### Task to complete
Beginning with the line that holds "Fall Drink Features: 9/29-11/2Happy Hour" and ending with the last line below, repeat each line exactly, leaving any pictures out.

### Dataset
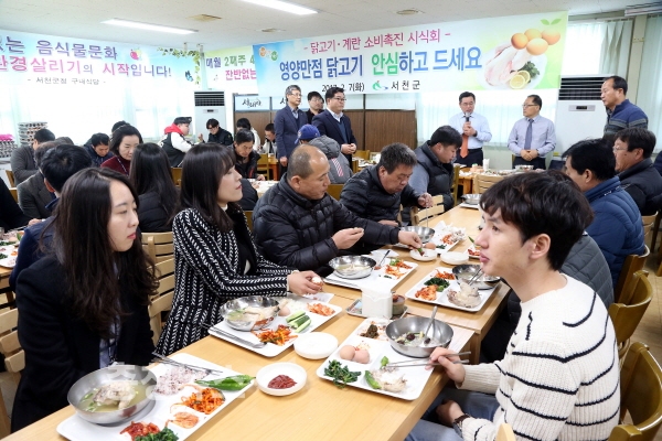 충남 서천군은 7일 점심시간을 활용해 군청 구내식당에서 노박래 서천군수를 비롯한 공무원 300명이 참석한 가운데 닭고기 소비촉진을 위한 ‘닭고기 및 계란 시식회’를 가졌다.
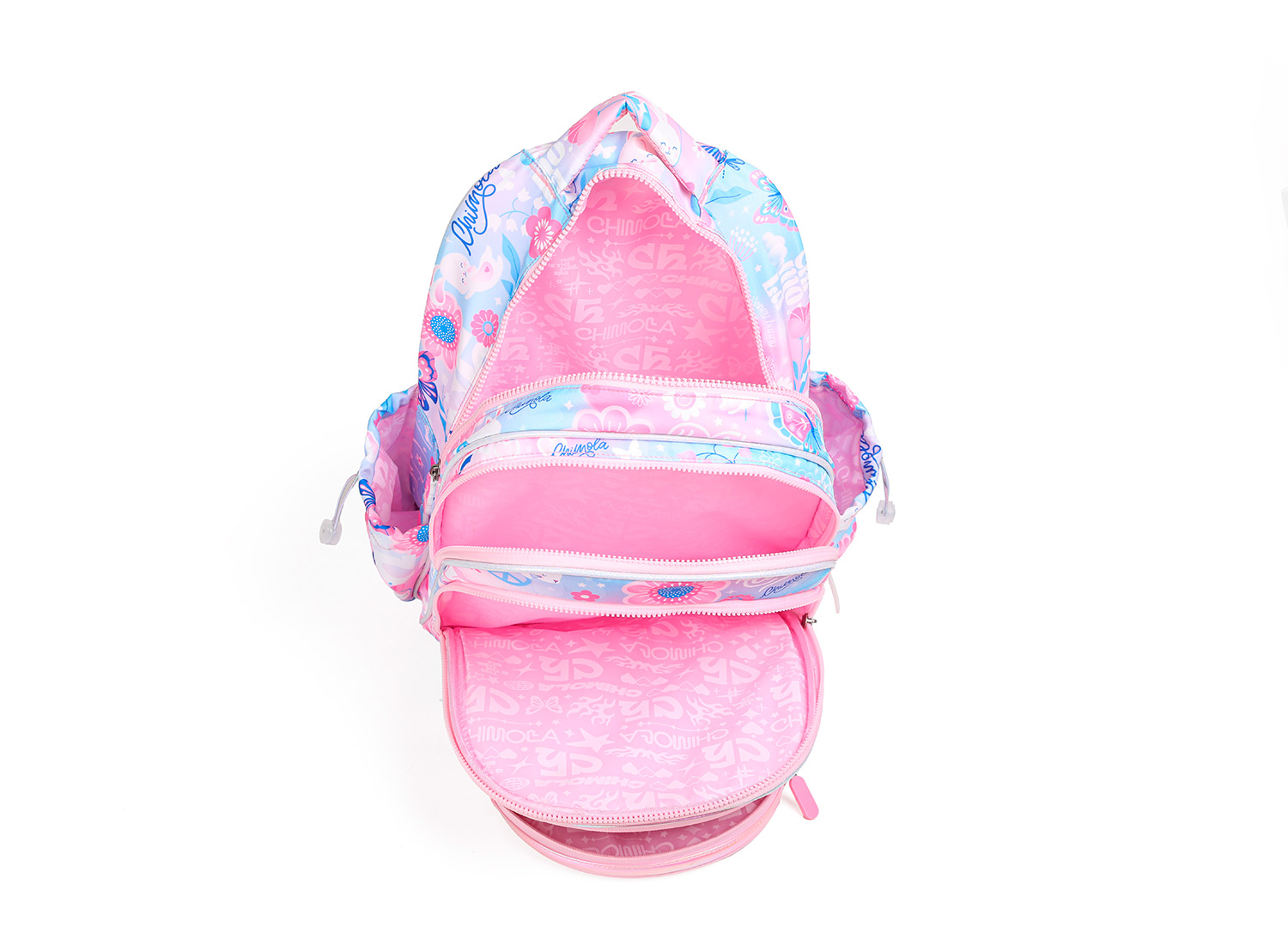 Descripción: Medidas: 30x40,5x18,5 cm . bolsillo con aplique de goma . tela impermeable . tiracierres de goma y soga . bolsillos laterales ajustables . cartuchera desmontable Composición: Body: 100% Nylon Lining:100% Polyester
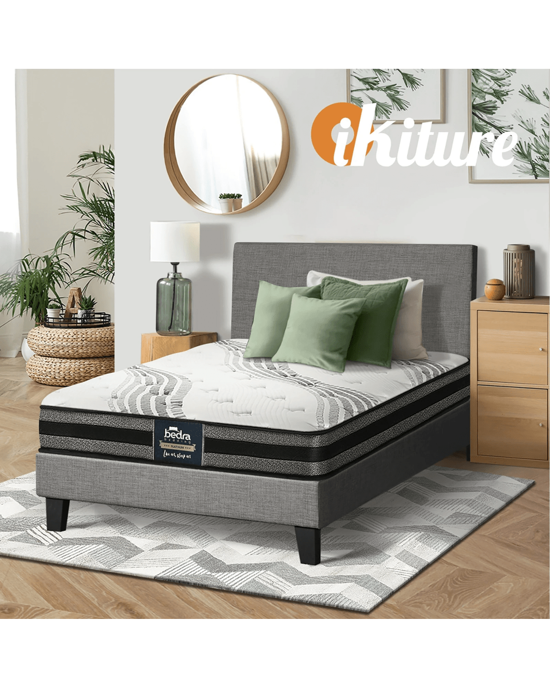 Best of all, the stylish bed frame also includes a comfortable Bedra Bedding Bonnell Spring mattress to complete the set. This high-quality spring mattress comprises a 7-layer construction with all the benefits of a Bonnell Spring system that provides motion isolation, anti-disturbance and full body support. Naturally, the highly breathable mattress complies with all required standards and certification and is hygienically safe from top to bottom and everything else in between. The Oikiture Fabric Bed Frame. Made it yours to enjoy.
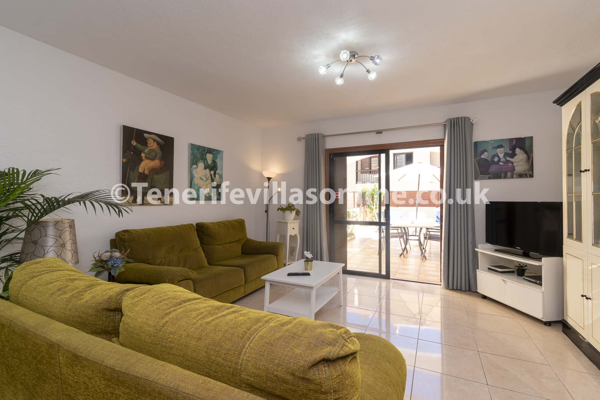 Lounge: 3 seater sofa, 2 seater sofa 42 inch flat screen TV, ceiling fan, patio door to terrace
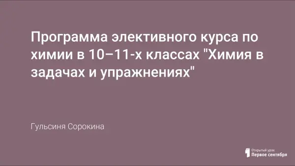 Особенностью данного курса является то, что занятия идут параллельно с изучением курса органической химии в 10-м классе, и с изучением курса общей химии в 11-м классе. Это даёт возможность постоянно и последовательно увязывать учебный материал курса с основным курсом, а учащимся получать более прочные знания по предмету. Программа курса послужит для существенного углубления и расширения знаний по химии, необходимых для конкретизации основных вопросов органической, общей и неорганической химии и для общего развития учеников.
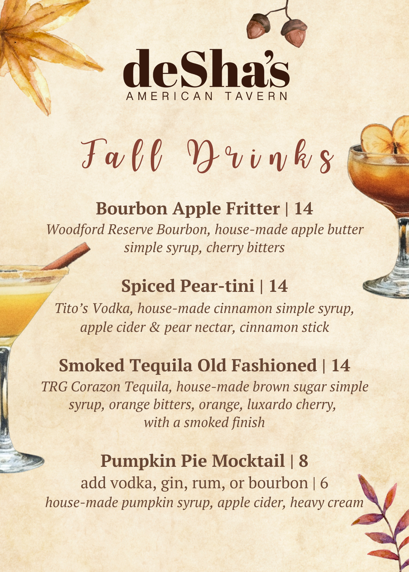 Fall Drink Features: 9/29-11/2Happy Hour
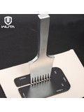 Специальная линейка от Wuta для работы с пробойниками и кожей. Позволяет прижимать кожу при вытаскивании пробойника, размечать шаг пробойников при создании выкройки, а также обрезать скругления на углах с радиусами 5 мм или 10 мм.
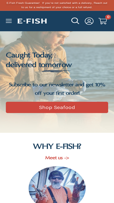 83%We take pride in supporting our customers through their seafood adventures and we do everything in our power to ensure your E-Fish customer service is an experience as amazing as the seafood we delivery. We do offer refunds in cases where the quality of product was compromised, but we do not accept returns. Reach out t
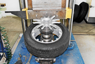 Другое точно такое же колесо, но уже без шины, тоже подвергается циклическим нагрузкам, но на стенде попроще. Обод жестко крепится к металлическому столу, а к ступичной части прикладывается циклический момент с вращением. Эти испытания — уже «официальные», на соответствие ГОСТу Р 50511-93, который повторяет правило ЕЭК ООН № 124. Без разрушений и трещин колесо должно выдержать 200 тысяч циклов нагрузки заданным моментом. Это — необходимое, но еще не достаточное условие для получения сертификата.
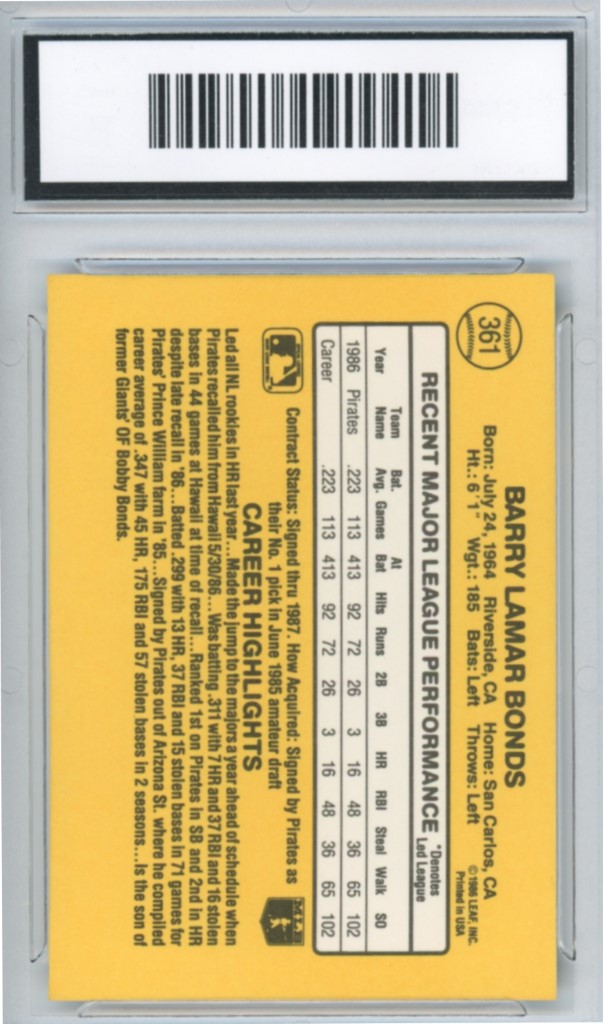 1987 Donruss Barry Bonds Rookie Pittsburgh Pirates Baseball Card #361 – GMA Professional Graded 8 NM-MT

### Written response
 Fall Drink Features: 9/29-11/2Happy Hour
 Специальная линейка от Wuta для работы с пробойниками и кожей. Позволяет прижимать кожу при вытаскивании пробойника, размечать шаг пробойников при создании выкройки, а также обрезать скругления на углах с радиусами 5 мм или 10 мм.
 83%We take pride in supporting our customers through their seafood adventures and we do everything in our power to ensure your E-Fish customer service is an experience as amazing as the seafood we delivery. We do offer refunds in cases where the quality of product was compromised, but we do not accept returns. Reach out t
 Другое точно такое же колесо, но уже без шины, тоже подвергается циклическим нагрузкам, но на стенде попроще. Обод жестко крепится к металлическому столу, а к ступичной части прикладывается циклический момент с вращением. Эти испытания — уже «официальные», на соответствие ГОСТу Р 50511-93, который повторяет правило ЕЭК ООН № 124. Без разрушений и трещин колесо должно выдержать 200 тысяч циклов нагрузки заданным моментом. Это — необходимое, но еще не достаточное условие для получения сертификата.
 1987 Donruss Barry Bonds Rookie Pittsburgh Pirates Baseball Card #361 – GMA Professional Graded 8 NM-MT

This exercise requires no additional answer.